On Sunday morning, the ladies gathered again at the Gastonian Room for a breakfast party and goodbyes. Link Vara Hinton presided. “Sad goodbyes were voiced as parting time came,” the reporter wrote.
Samuetta Drew remembers that her parents went to the Gaston for dinner every Sunday after church. It was inspiring to see the name of a black man on the outside of a building and know that inside there was a first-class facility, she said.
“It was the place to go for fine dining,” she said, recalling the soft music, white tablecloths and waiters who were dressed to impress. “You didn’t order from the counter,” Drew remarked. “You sat down.”
She remembers the nice, tall printed menus with black backs and “A.G. Gaston” embossed on them in gold. There was a divider painted with gold circles, “like in the movies,” she said.
The menu was luxurious for the times, she said: seafood, steaks, pork and chicken.
“It was a place we could go and be treated with dignity,” she said. “It was a place you could go and feel proud. You did not have to be a kid in the window of a candy shop looking in. You could go inside and partake.”
Dale Long’s parents treated him and his friends to dinner at Gaston’s in honor of their graduation. This was their first experience eating at a restaurant. “It was the first time I ever ate shrimp,” Long said. “Black kids didn’t have that experience,” he said.
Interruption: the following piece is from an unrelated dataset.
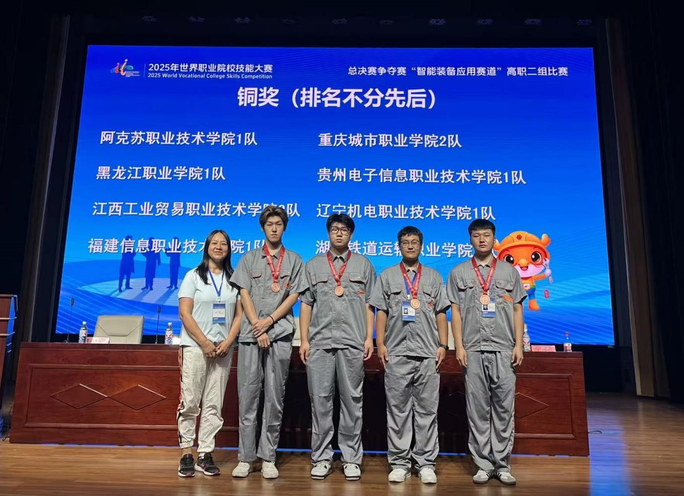 另一支由杨俊伟、李晶飞指导的刘振东、曹子贤、张靖泽、陈明旭等4名学生组成的团队,则是首次征战该赛项高职二组机电一体化比赛。面对强劲对手,他们沉着应对装备操作、故障排查等环节,凭借过硬技能与默契协作成功夺铜,实现了该团队在赛事中的 “开门红”。

His brother ate the shrimp, too, the tails and all.
There were many middle-class blacks who wanted to have an experience. “You knew that lifestyle was available,” Drew said. “It gave you a sense of who you are: not a second-class citizen, although everything around you was saying that,” she said. “It showed you that if you wanted to own something, you could.”
Her mother was a member of Club Excelsior’s for teachers, and every Saturday after Christmas, they held their New Year’s Eve brunch there. It was a tradition. Everyone wore after-five attire. Drew said she could not wait to get older so that she could be among the group.
Pretty soon, the Gibsons began to realize that they were uniquely positioned not just to host social affairs but also to be part of the civil rights movement—whether they wanted to or not.
Over in Collegeville, Shuttlesworth was working tirelessly. He sent a petition to Commissioner Art Hanes requesting the desegregation of public facilities. Hanes, ever resistant, sent him a letter saying that the petition had been trashed.
Shuttlesworth needed King’s help again. He sent word to him: “If you come to Birmingham, you will not only gain prestige, but really shake the country. If you win in Birmingham, as Birmingham goes, so goes the nation.”79
King and his group of activists and strategists heard his cry and made plans to come.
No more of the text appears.